阿烬开始尝试一些让林木生感到费解、有些手足无措的“社交行为”。
比如,讲冷笑话,或者更确切地说,是地狱笑话,并且在发现林木生没笑之后,立刻绷紧脸,转身走开,留下一个散发着低气压的背影。
这个转变说来话长。
源头得回溯到更早一次林木生去下城区找他,照例是在那家他们常去的老张面馆。
两人正对着热气腾腾的面碗埋头苦吃,独眼的老张老板端着汤勺晃悠过来,一边给阿烬碗里添了勺浓汤,一边拿那只仅剩的眼睛,瞟着邻桌一个扎着粗麻花辫、脸颊红扑扑的姑娘。

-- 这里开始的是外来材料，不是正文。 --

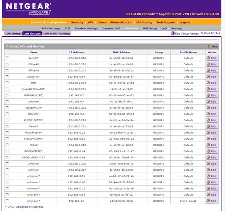 Regarding the two 192.168.0.226 entries, using the GS108E management utility, I checked the MAC of the SancSW and it is dc:ef:09:ce:19:98 and not dc:ef:09:d8:08:87. So, I deleted the old SancSW entry in the database and then established a name SancSW on the correct database entry. The table looks good now, however I do not trust the FVS318N "LAN Groups" database listing. Besides the problem I just fixed, I noticed there are times when the router's wireless connections don't show up in the database, and times when they do. Another,anomoly, When I create a specific name for an entry and get a new listing the table doesn't show the "*" for that entry when it is allocated an IP via the router's DHCP server. I have to manually add the asterick to the name of that device.

“阿烬啊,”老张压低嗓门,用汤勺柄悄悄指了指那姑娘的方向,“瞧见没?老李家的闺女,勤快着呢,没少跟我打听你。夸你干活利落,人稳重,是个能靠得住的。”
林木生对这种场景见怪不怪了,阿烬其实很讨女孩子喜欢。
那张冷脸配上一身腱子肉和干活时那股不要命的狠劲,简直是行走的荷尔蒙。
工会会长那个烫着大波浪、爱穿皮裤的女儿,每次阿烬去交单或接活,她的目光就跟强力胶一样黏在他身上。
她会故意把交接文件掉在他脚边,等他弯腰去捡时,踩着高跟皮靴的脚“不经意”蹭过他的裤腿;
她会在他靠在工会门口等消息时,“恰好”路过,带起一阵香风,笑语盈盈地搭话。
工会里其他人看在眼里,背地里没少嘀咕阿烬是块“捂不热的铁疙瘩”,或者用更粗俗的话猜测他“是不是哪儿有问题”。
这边老张还在继续:
“你小子年纪也不小了,该成家了。总这么一个人刀口舔血的算怎么回事?趁早安定下来,老婆孩子热炕头多好。”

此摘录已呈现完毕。